Exercise brief: Starting at the first line of the listing below, repeat each line up to and including the one containing "The Cove Polo". Leave out pictures.

Input for this task:

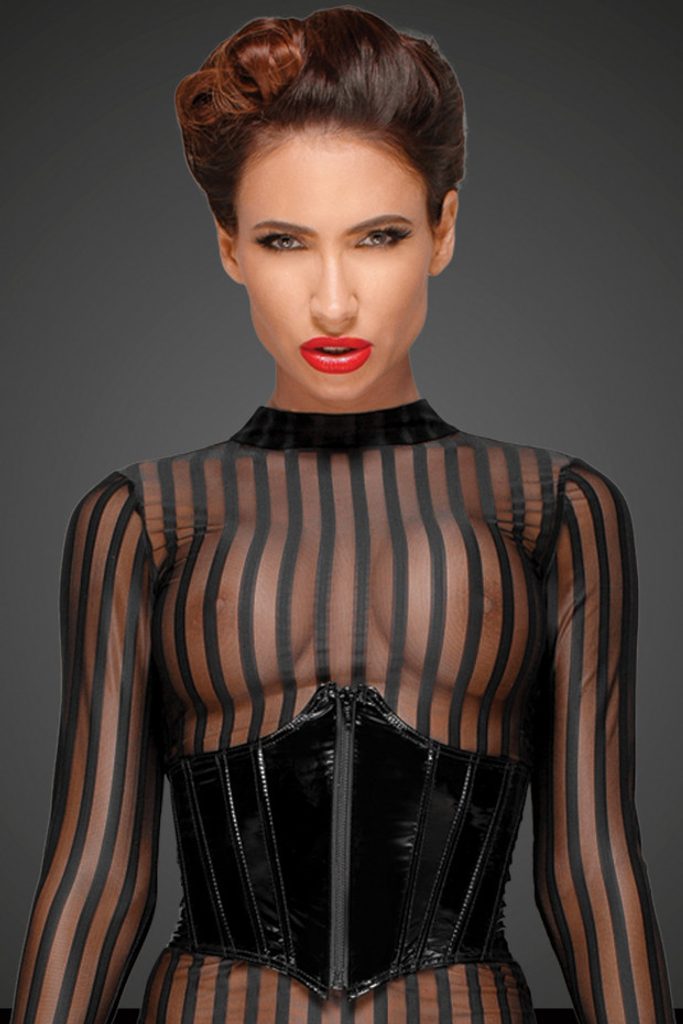 Rochia clasică spectaculoasă este confecționată din tul decorativ, elastic și foarte delicat. Gulerul înalt se închide cu un nasture. Decolteul sexy de pe spate este decorat cu o margine din dantelă.
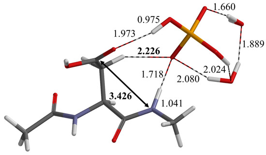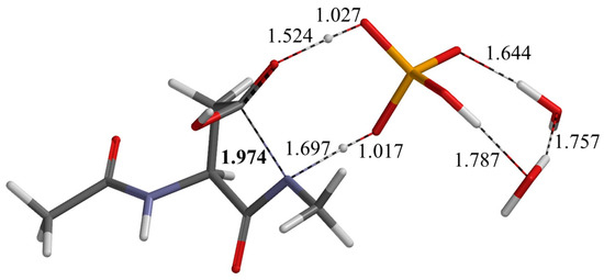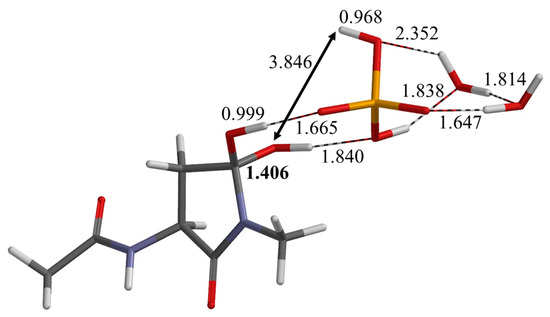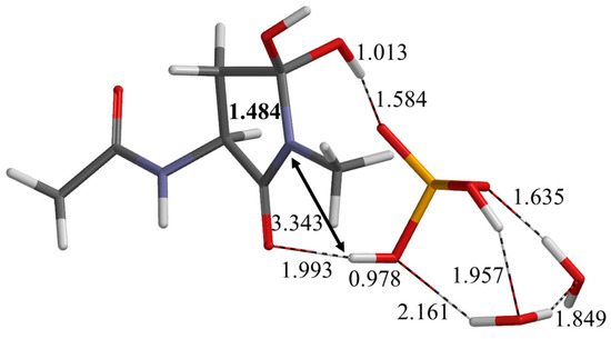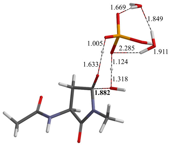 The geometry of the reactant complex (RC). This complex is formed between the model compound (Figure 1), a H2PO4− ion, and two water molecules. Selected interatomic distances are shown in Å. Grey: carbon; white: hydrogen; blue: nitrogen; red: oxygen; orange: phosphorus.
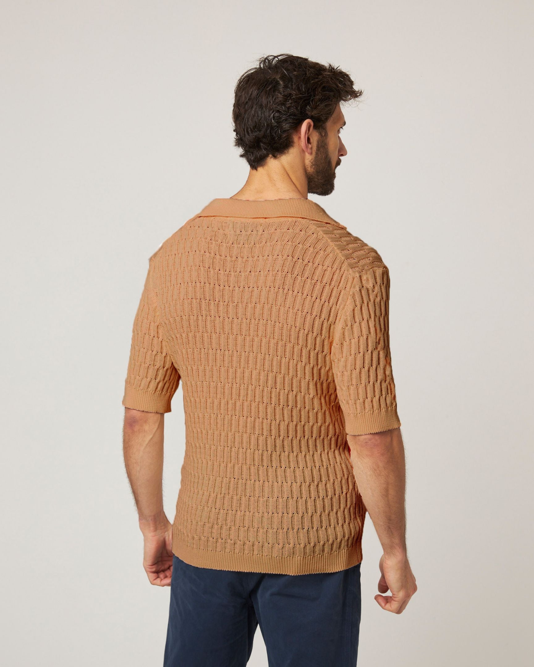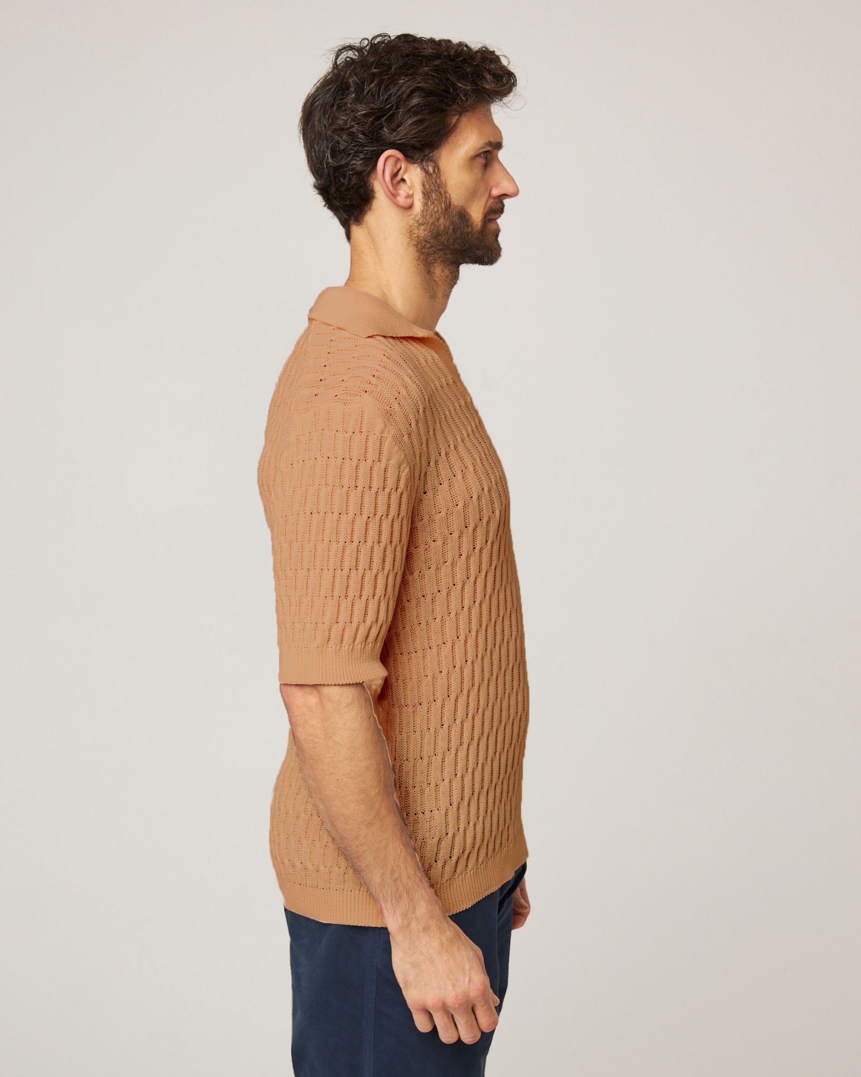 The Cove Polo Shirt offers a lightweight knitted polo shirt suitable for any formality. Combining a relaxed fit with an intricately textured knit, this cotton Polo Shirt provides comfort and style for any occasion, making it a summer wardrobe staple.
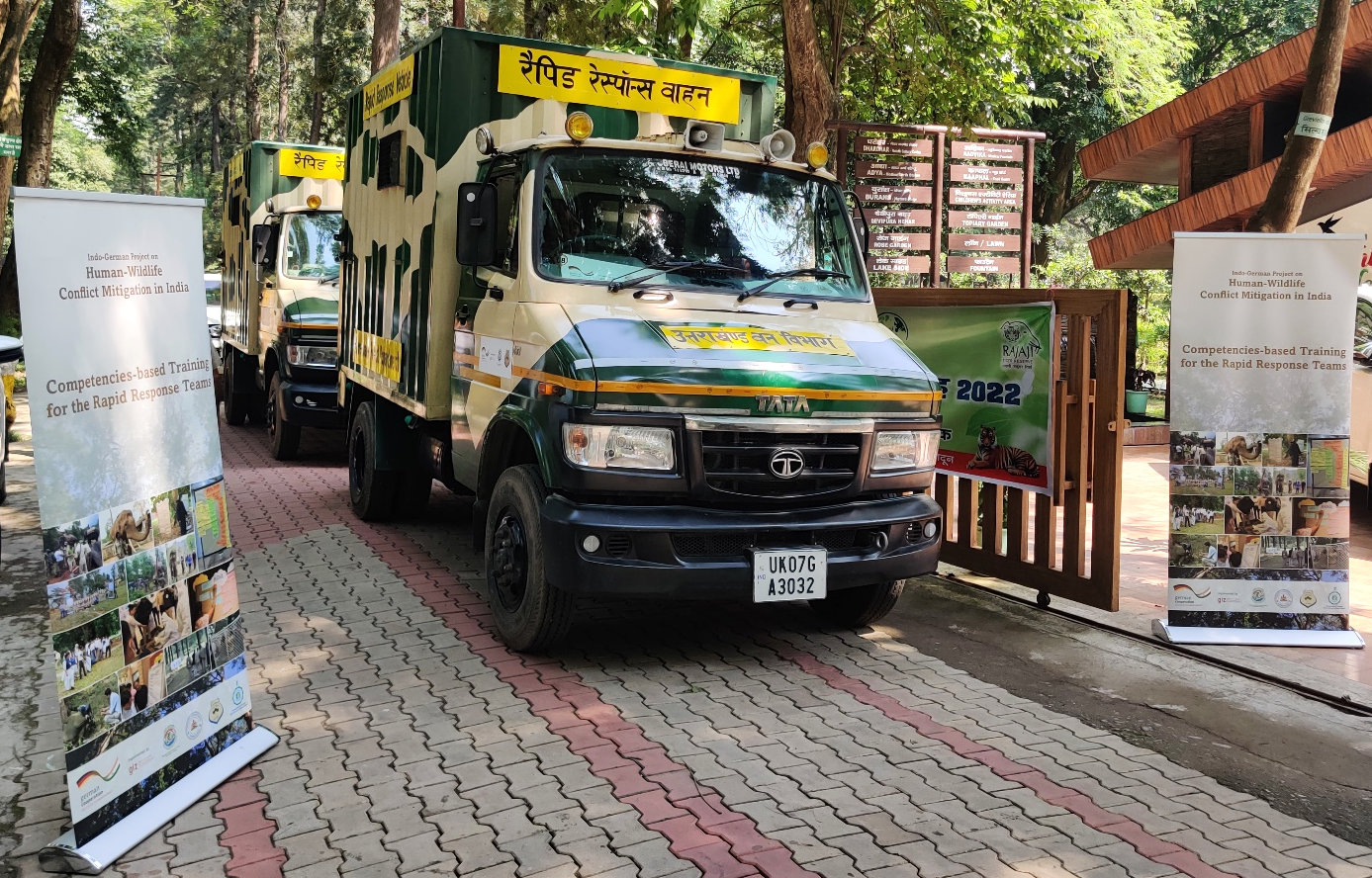 The Uttarakhand Forest Department has received these vehicles and associated trainings, as part of the demonstration pilot on the ‘Early Warning and Rapid Response System’ being implemented in the Rajaji-Haridwar landscape, under the Indo-German Cooperation project “Human Wildlife Conflict Mitigation (HWC)”. The Indo-German project is implemented by Deutsche Gesellschaft für Internationale Zusammenarbeit (GIZ) on behalf of the German Federal Ministry for Economic Cooperation and Development (BMZ) with the Indian Ministry of Environment, Forest and Climate Change (MoEF&CC), Government of India and the State Forest Departments of Karnataka, Uttarakhand and West Bengal.
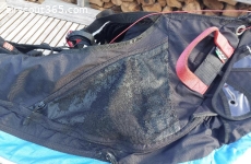 Netztasche aussen leicht beschädigt (Riss)
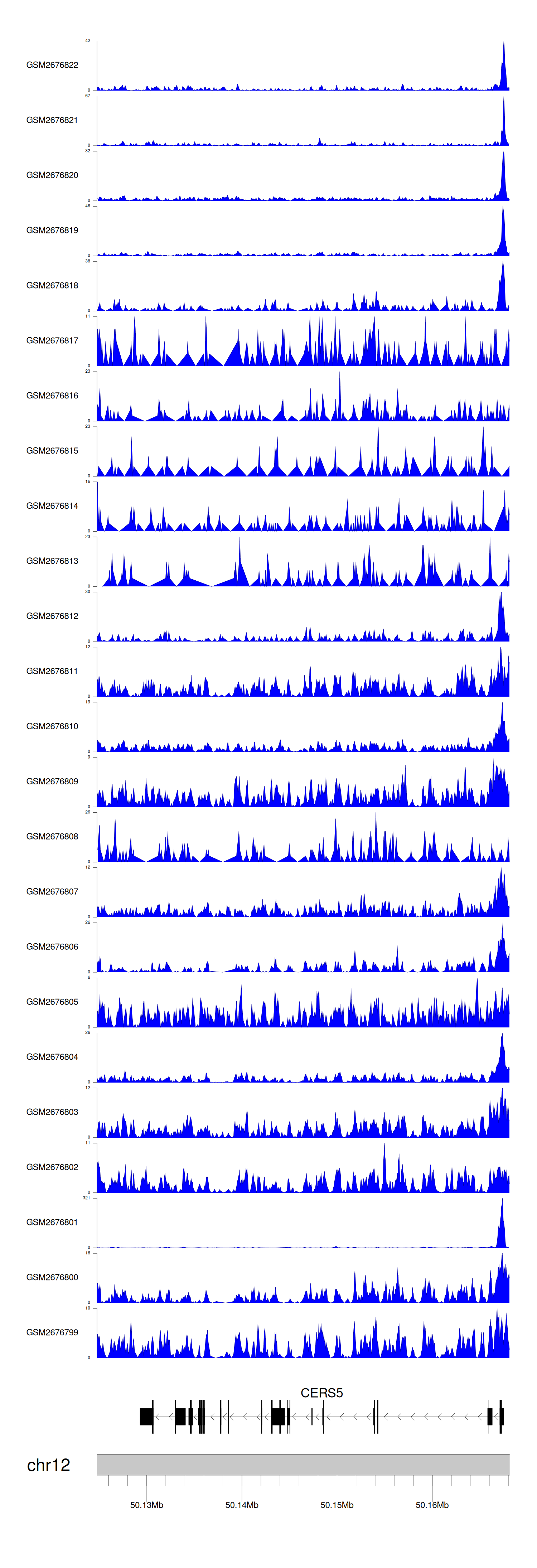 > Dataset: GSE144329 - CERS5 peak across samples

Final answer:
 Rochia clasică spectaculoasă este confecționată din tul decorativ, elastic și foarte delicat. Gulerul înalt se închide cu un nasture. Decolteul sexy de pe spate este decorat cu o margine din dantelă.
 The geometry of the reactant complex (RC). This complex is formed between the model compound (Figure 1), a H2PO4− ion, and two water molecules. Selected interatomic distances are shown in Å. Grey: carbon; white: hydrogen; blue: nitrogen; red: oxygen; orange: phosphorus.
 The Cove Polo Shirt offers a lightweight knitted polo shirt suitable for any formality. Combining a relaxed fit with an intricately textured knit, this cotton Polo Shirt provides comfort and style for any occasion, making it a summer wardrobe staple.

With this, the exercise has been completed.